HPP can be inherited in an autosomal recessive (affecting siblings) or autosomal dominant (affecting multiple generations) manner. The perinatal and infantile forms of HPP are autosomal recessive. The childhood form can be either autosomal recessive or autosomal dominant. The adult form and odontohypophosphatasia typically are autosomal dominant disorders, but rarely autosomal recessive.

Dominant genetic disorders occur when only a single copy of a non-working gene is necessary to cause a particular disease. The non-working gene can be inherited from either parent or can be the result of a changed (mutated) gene in the affected individual. The risk of passing the non-working gene from an affected parent to an offspring is 50% for each pregnancy. The risk is the same for males and females.

Recessive genetic disorders occur when an individual inherits a non-working gene from each parent.

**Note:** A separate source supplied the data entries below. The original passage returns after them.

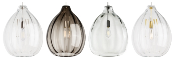
Clear/Satin Nickel Incandescent

Rated for (1) 60 watt max, E26 medium base lamp (Lamp Not Included). LED includes (1) 120 volt 3.5 watt, 263 delivered lumen, 2700K, medium base LED vintage squirrel cage lamp. Dimmable with most LED compatible ELV and TRIAC dimmers. Black ships with six feet of field-cuttable black cloth cord. Satin Nickel ships with six feet of field-cuttable cable.
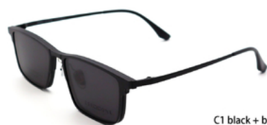
C1 black + black 黑 + 黑
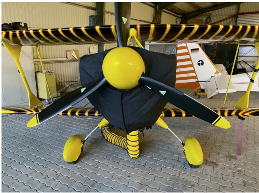
Christen Eagle Insulated Engine Cover

the hottest of days. It is water, ice and snow repellent, yet breathable to allow moisture to escape from between the cover and the aircraft surface.
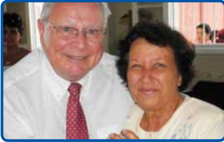
Saved in 1960-Led house church that is now a Baptist church.

If an individual receives one working gene and one non-working gene for the disease, the person will be a carrier for the disease, but usually will not show symptoms. The risk for two carrier parents to both pass the non-working gene and, therefore, have an affected child is 25% with each pregnancy. The risk to have a child who is a carrier, like the parents, is 50% with each pregnancy. The chance for a child to receive working genes from both parents is 25%. The risk is the same for males and females.